TOR has chosen a pragmatic threat approach to this problem – it does not protect users from traffic matching, instead, it protects the overall traffic of the routing system, so attackers will not be able to simply monitor a user and all exit nodes.

However, achieving online anonymity is a problem, as attackers may watch for patterns in network traffic, with the worst case being able to control almost all of the servers to view traffic passing in, through, and out of the system.

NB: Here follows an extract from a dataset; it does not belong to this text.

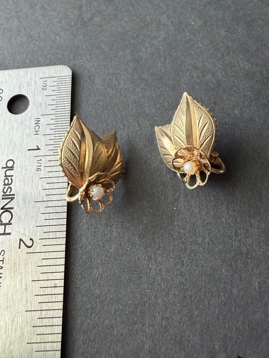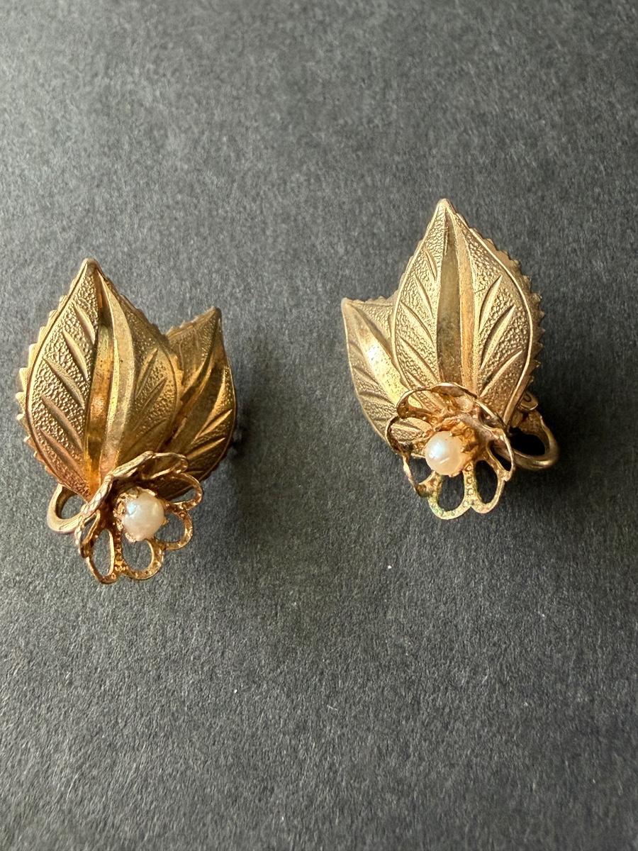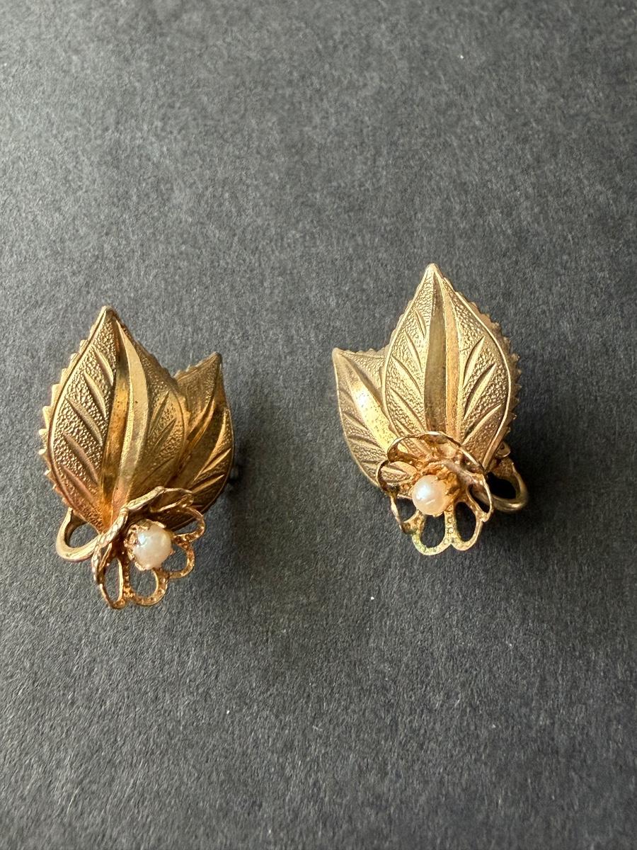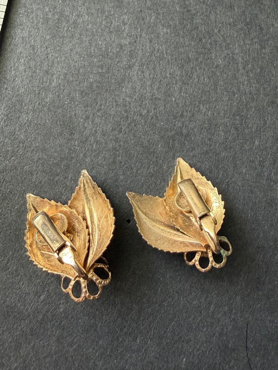 Vintage leaf gold tone clip on earrings

TOR is a collection of onion routers with different functions and roles in a network during network communication, to protect the identity of the user and confidentiality of data, and also against eavesdropping and traffic analysis over the network and Internet. TOR operates with almost 900 dedicated onion routers worldwide, generating and processing 960mb/sec of bidirectional data streams (2014). To this date the onion router (TOR) and the onion routing project are funded by ONR and DARPA whereby it is still under development with probably one of the largest testing labs in the world, the Internet. It is interesting to note that DARPA funded both the project for the Internet, as mentioned in the previous segment, and also the TOR project to maneuver through the Deep Web, as mentioned in an article by Haraty & Zantout : Michael Reed, Pal Syverson and David Goldschlag from the Us Naval Research Laboratory was sponsored by the US Naval Office of Naval Research (ONR) in 1995 to continue on the work of David Chuam’s onion routing idea, and the project was funded by DARPA under the high confidence network program (Haraty & Zantout 2014). TOR is an anonymity network designed to facilitate anonymous Internet communication, and was released to the public in 2004 (Abbott 2010). To do so, they would need to find a way to tap into the Deep Web without being identified. As the Deep Web has a myriad of growing information, there would also be a growing number of users who frequent it.